Question about autograd and leaf tensors

I have always been confused about this behaviour

Let us say I am implementing an autoencoder. My source and target are going to be same, let us say I want to reconstruct some vector x.

So something like
z = Encoder(x)
y = Decoder(z)

  1. loss = LOSS(y, x)

  2. loss = LOSS(y, x.clone())

  3. loss = LOSS(y, x.clone().detach())

What is the difference in behavior in each of the cases, x is of course a leaf tensor, but I don’t understand the gradients aspect is it 1) going to form a cycle ?

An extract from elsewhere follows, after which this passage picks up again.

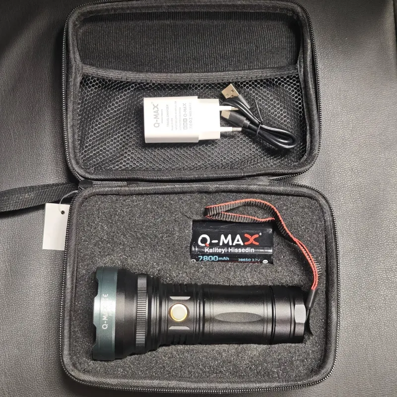 Q-MAX PS-3500 Şarj Edilebilir Profesyonel Avcı El Feneri - Super Light Rechargeable Flashlight

It shouldn’t be a problem, as usually x won’t require gradients in an autoencoder setup.
The first two approaches should yield the same result, while the last one should be different.
Here is a small dummy code:

x = torch.randn(1, requires_grad=True)
param = nn.Parameter(torch.randn(1))
output = x * param

# 1.
loss = F.mse_loss(output, x)
loss.backward()
print(param.grad)
print(x.grad)

x.grad.zero_()
param.grad.zero_()

# 2.
output = x * param
loss = F.mse_loss(output, x.clone())
loss.backward()
print(param.grad)
print(x.grad)

x.grad.zero_()
param.grad.zero_()

# 3.
output = x * param
loss = F.mse_loss(output, x.clone().detach())
loss.backward()
print(param.grad)
print(x.grad)

> tensor([-3.3104])
tensor([0.6608])

> tensor([-3.3104])
tensor([0.6608])

> tensor([-3.3104])
tensor([-0.9747])

Thanks this answers my question. But since x is a leaf variable, it’s grad value serves no purpose right?

Usually you don’t need gradients in your input tensor.
However there are some use cases, e.g. in adversarial training, where these gradients can be used for small perturbation of the input.